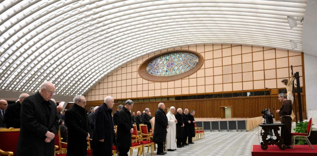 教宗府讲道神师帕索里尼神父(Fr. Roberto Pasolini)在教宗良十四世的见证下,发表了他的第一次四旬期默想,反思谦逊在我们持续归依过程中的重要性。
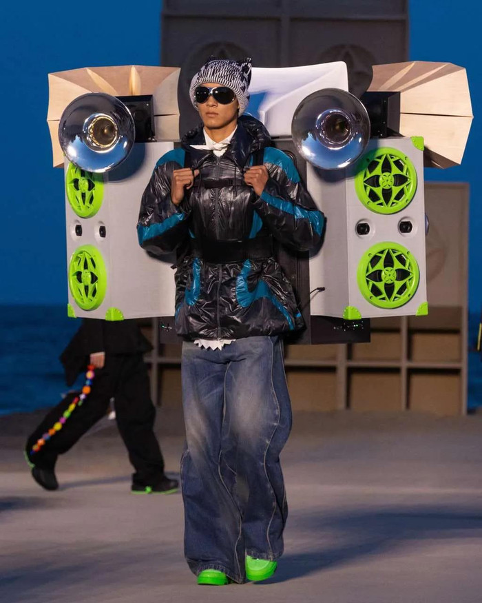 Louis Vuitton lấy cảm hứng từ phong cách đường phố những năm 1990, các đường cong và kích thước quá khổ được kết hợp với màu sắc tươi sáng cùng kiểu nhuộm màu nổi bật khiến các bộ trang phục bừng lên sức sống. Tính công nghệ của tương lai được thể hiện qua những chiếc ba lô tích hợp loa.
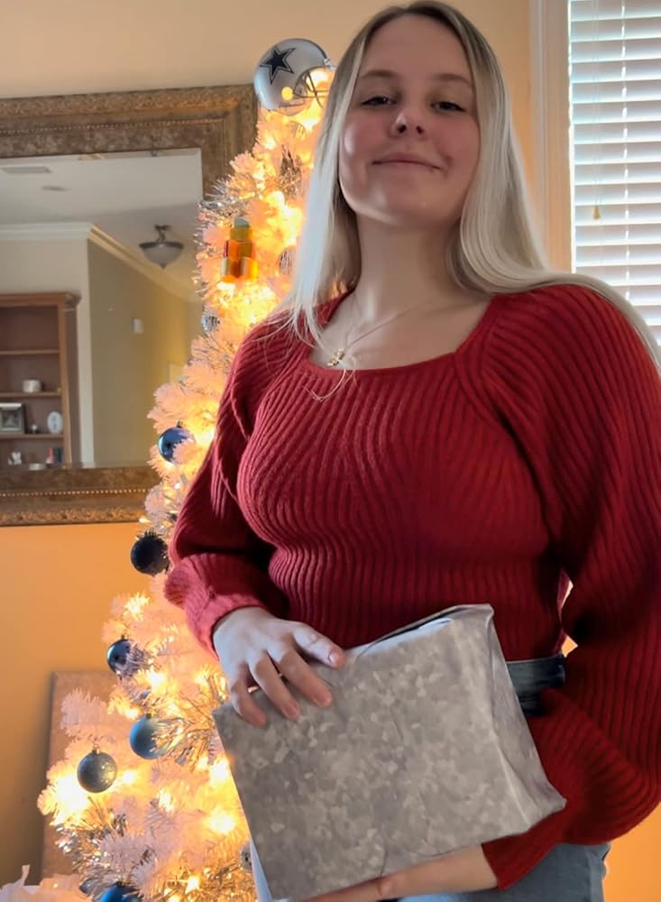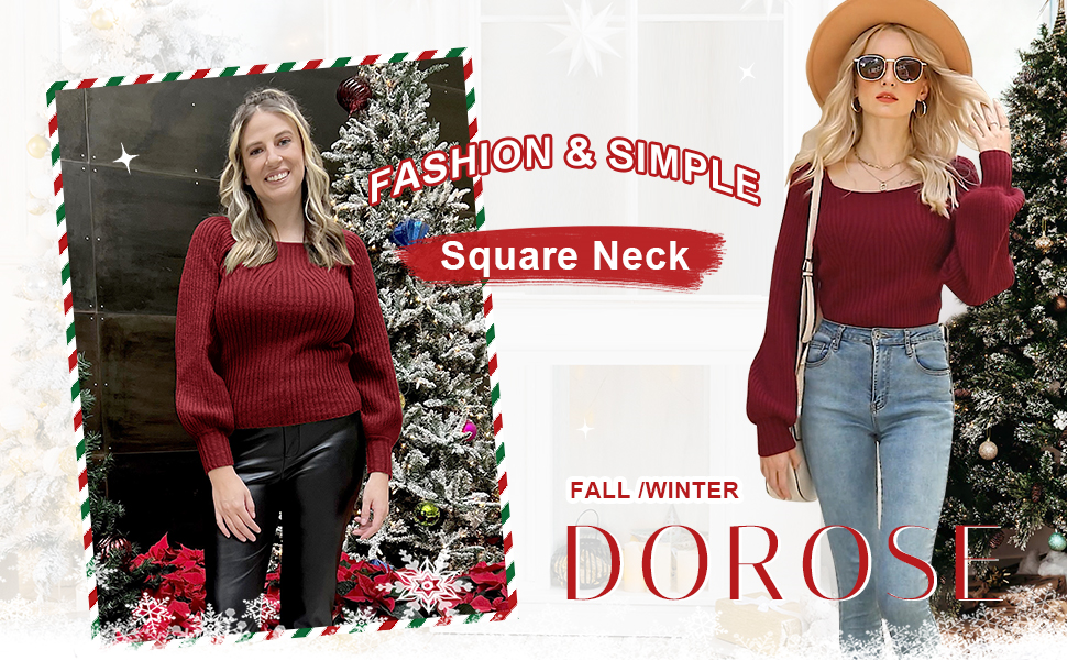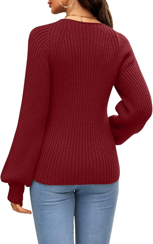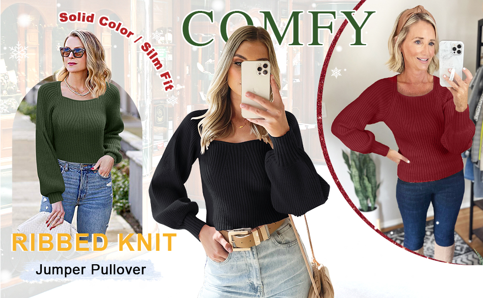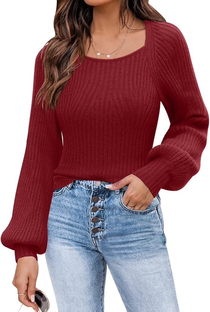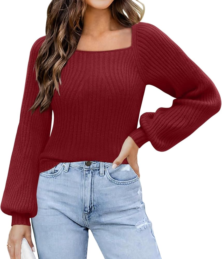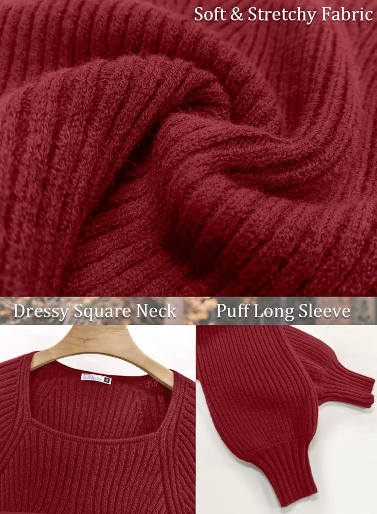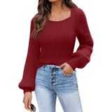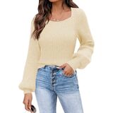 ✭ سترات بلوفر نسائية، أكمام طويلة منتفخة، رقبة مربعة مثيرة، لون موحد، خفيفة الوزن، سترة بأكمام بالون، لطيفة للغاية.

------------------------

● INSTRUCTIONS FOR THE TASK
For this exercise, retype the listing above word for word and omit the pictures.

● OUTPUT FOR THIS EXERCISE
 教宗府讲道神师帕索里尼神父(Fr. Roberto Pasolini)在教宗良十四世的见证下,发表了他的第一次四旬期默想,反思谦逊在我们持续归依过程中的重要性。
 Louis Vuitton lấy cảm hứng từ phong cách đường phố những năm 1990, các đường cong và kích thước quá khổ được kết hợp với màu sắc tươi sáng cùng kiểu nhuộm màu nổi bật khiến các bộ trang phục bừng lên sức sống. Tính công nghệ của tương lai được thể hiện qua những chiếc ba lô tích hợp loa.
 ✭ سترات بلوفر نسائية، أكمام طويلة منتفخة، رقبة مربعة مثيرة، لون موحد، خفيفة الوزن، سترة بأكمام بالون، لطيفة للغاية.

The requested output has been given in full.